/ 11 June 1999

New UN bid to cut Unita

supply lines

Unita’s

smuggling

Chris Gordon

The United Nations, having faced up to the failure of its peacekeeping operation in Angola, has launched a new bid to shorten the war by targeting the sanctions-busting arms, oil and diamond trade that is keeping Unita in business.

After 16 intensive days in Southern Africa, Robert Fowler, Canadian ambassador to the UN and head of the UN sanctions committee, has laid the groundwork for two expert panels to start looking into Unita’s sanctions-busting supply lines.

The inquiry – it is the first time the diamond trade has been subject to any sanctions – will focus fresh attention on the war in Angola. It may lay the groundwork for a future peace settlement and shorten the war if the UN is successful in tracking down the methods of the smuggling of arms, oil and diamonds.

The UN may even succeed in delinking the arms-for-diamonds trade that is funding three civil wars in Africa and creating enormous misery.

The failure of successive UN sanctions, first imposed on Unita in 1993 when supplies of arms and other war matriel were embargoed, is widely known and has surprised no one. But it has surprised many that the UN has at last shown the willingness to act on this international scandal, whose details have been exposed repeatedly in the Mail & Guardian.

Fowler’s report makes the UN’s reasons clear. The UN has grasped that minimising Unita’s capacity to make war and hampering its operational ability are crucial to stability in Central Africa. Fowler’s report to the UN cites the destabilising effects of Unita’s war on surrounding countries,whether military, political or economic. Senior politicians in the region describe Angola as a life and death issue for them.

A web of war binds together the fates of Angola and the two Congos, where Angola has committed its army to areas Unita operates in, and has found common cause with opposition or rebel movements. The political and military alliances on both sides of these wars stretch across the continent, as do the arms traffickers and diamond dealers who keep the rebels in business.

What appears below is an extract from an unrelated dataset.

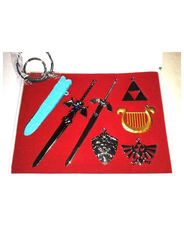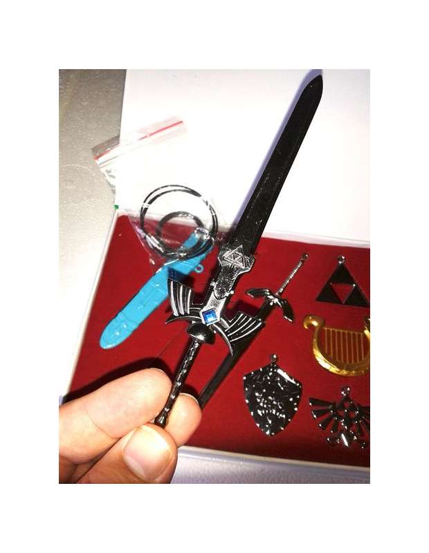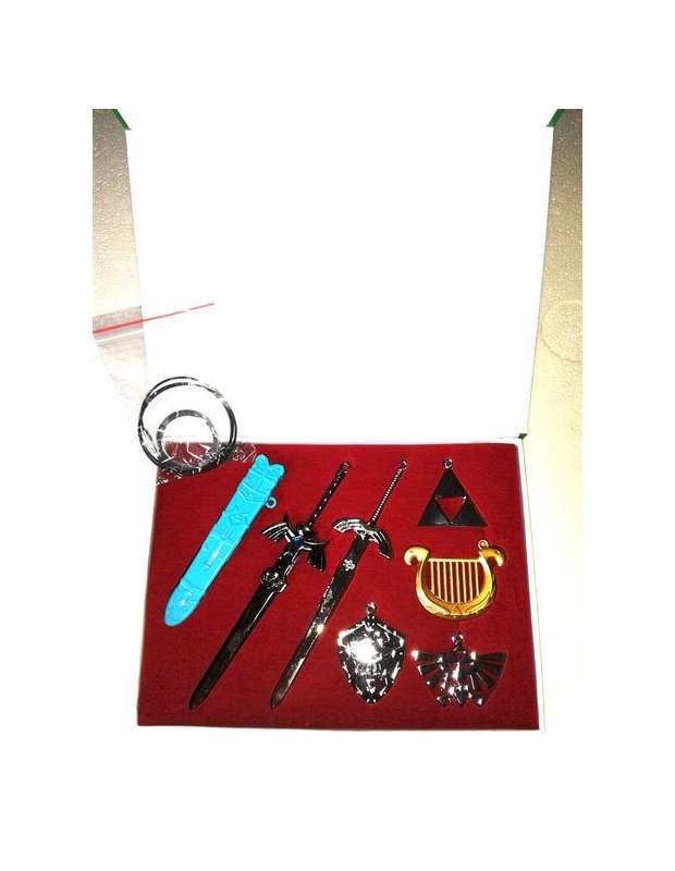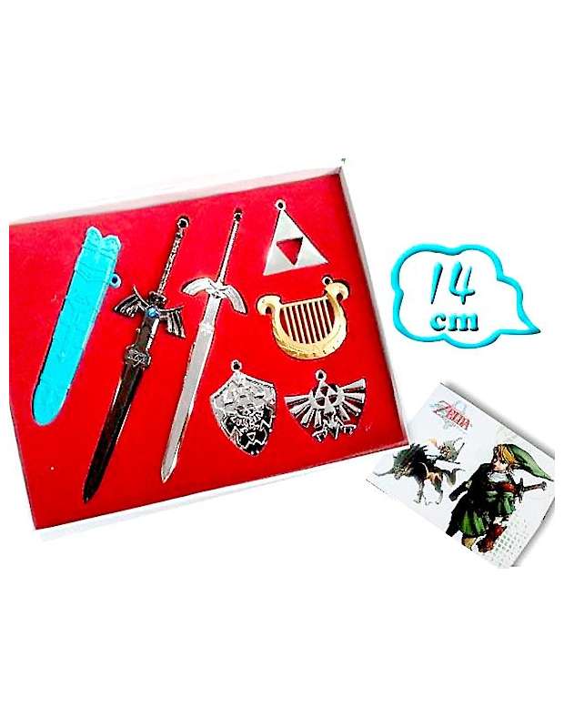 Caja con 7 piezas de merchandising de Zelda en acabado metálico, con accessorio para convertirlas en colgantes o llaveros. Las piezas son de acabado metálico y tienen una medida de 4,5cms a 13 cms y contiene espada maestra con su funda correpondiente, Arpa,escudo trifuerza y otros gadjets.

Unravelling even a part of this web will lessen the capacity to continue these wars. But can it be done?

Fowler believes the political will exists to tighten the sanctions against Unita internationally, and that the only way forward is to bring in expertise.

Inside Angola, as war intensifies slowly, conditions are worsening fast. The government has launched a small-scale counter-offensive aimed at reversing the army’s losses of smaller towns – and control of part of the strategic road between Kuito and Huambo.

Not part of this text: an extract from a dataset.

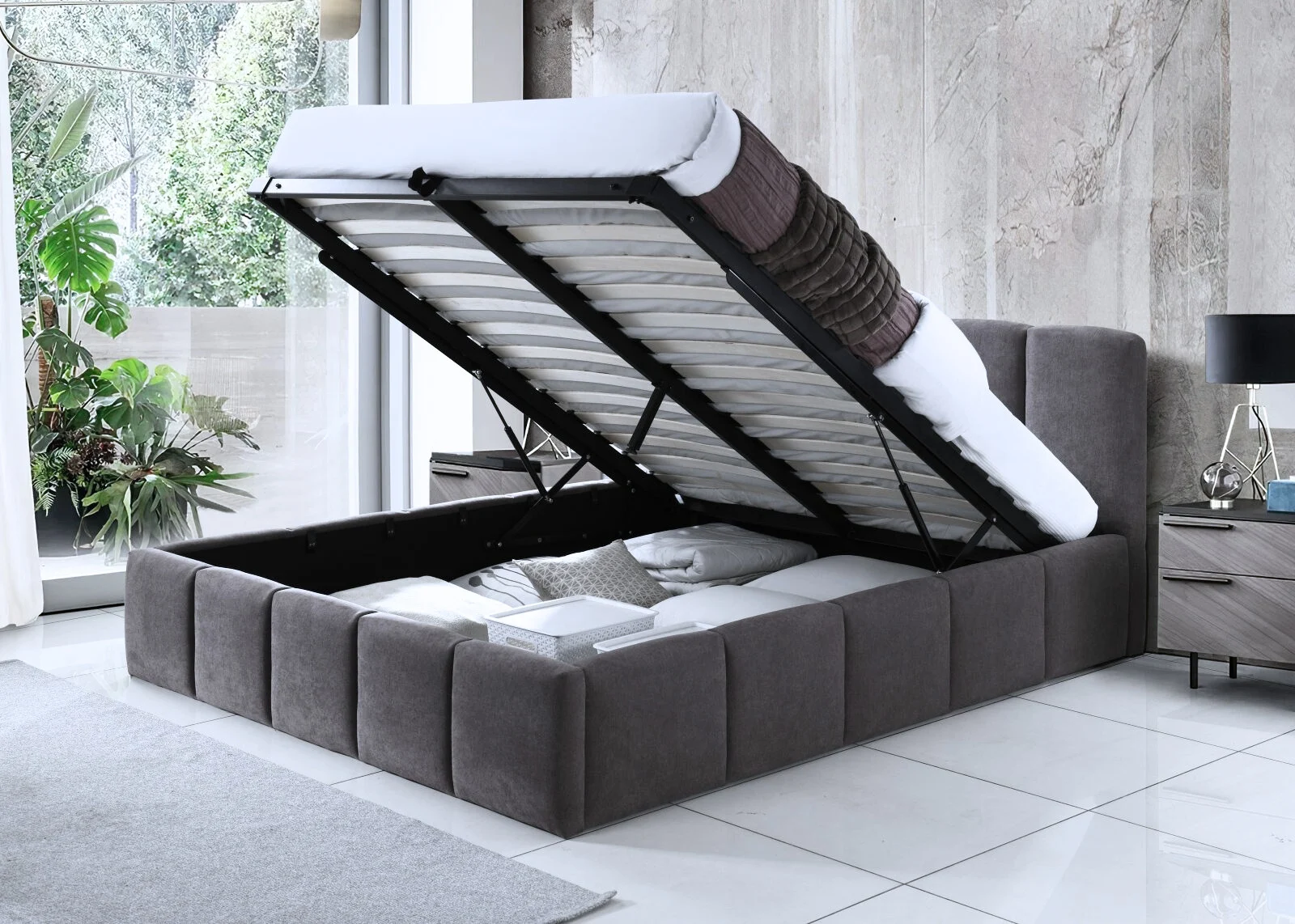 Construit pe o structură solidă și echipat cu somieră rabatabilă cu pistoane de înaltă calitate, patul Cloud oferă un spațiu generos de depozitare, ușor accesibil și rezistent la utilizări frecvente.

Fierce fighting is reported around Huambo at present and Malange in the north is still coming under heavy artillery fire. The town, crowded with refugees from Unita attacks on villages, has been pounded intermittently since January, for up to two weeks at a time.

But it is the deteriorating humanitarian situation in Angola that is focusing the attention of the UN. Secretary General Kofi Annan made it plain to the secuity council a few days ago that humanitarian aid to the 1,2-million displaced people in Angola – one-tenth of the population – could come to a full stop.

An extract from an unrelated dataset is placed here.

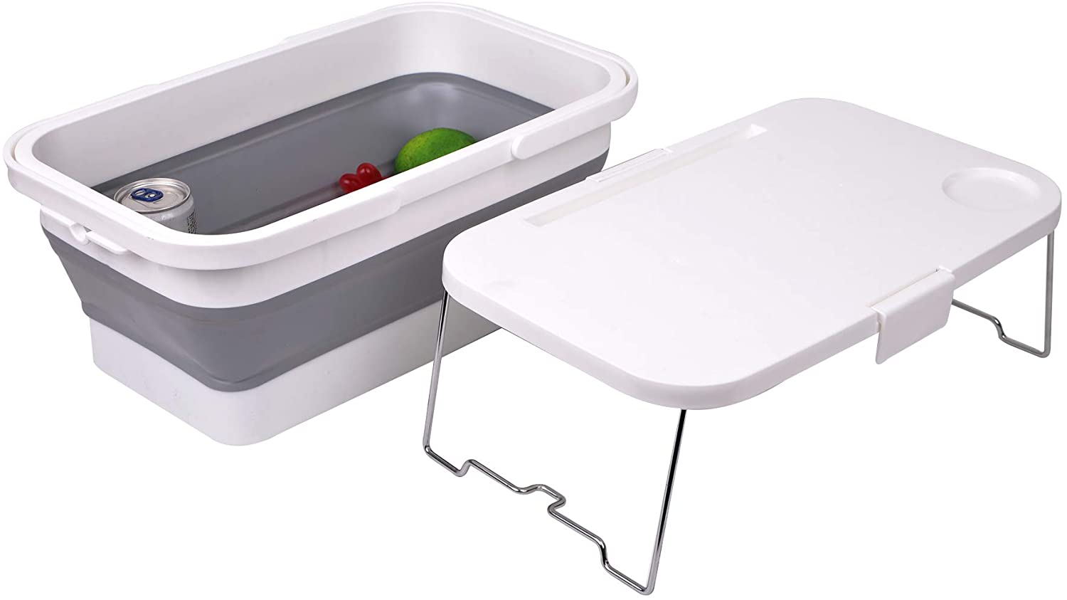 Atunci când cele 2 suporturi pliabile sunt desfășurate, capacul coșului devine o masă. Suprafața mesei are o fantă pentru o tabletă și o adâncitură pentru o ceașcă.

There is no money for continuing the expensive airlift of food and other necessities so, as Annan pointed out, “the entire humanitarian effort will stop and hundreds of thousands of Angolans will face severe malnutrition, disease and death”.

UN member states have not contributed enough funding for the relief effort. One diplomat in Luanda described it as “Angola fatigue” – a luxury affordable only to the safe and comfortable, and certainly not available to the majority of Angolans.

The UN’s message is clear: after such an investment of money and time it is not going to let go of Angola.

Fowler’s 14 recommendations range from making sanctions violations illegal to air surveillance of flights into Unita territory. It will be a slow tourniquet, a package of measures to squeeze Unita.

One panel of four experts will investigate diamonds, oil and Unita’s other economic activities. The second, comprising six people, will investigate arms supplies. The UN has been asked to agree to the placing of civilian monitors on the ground in Angola and countries thought to be involved in sanctions-breaking activities. Experts in the various fields will be commisioned to report to the panels.

Unita’s response, in a document submitted to the UN during Fowler’s visit to Angola, was to claim the sanctions are unjust and excessive, and accuse Canada of genocide against the “Eskimos”.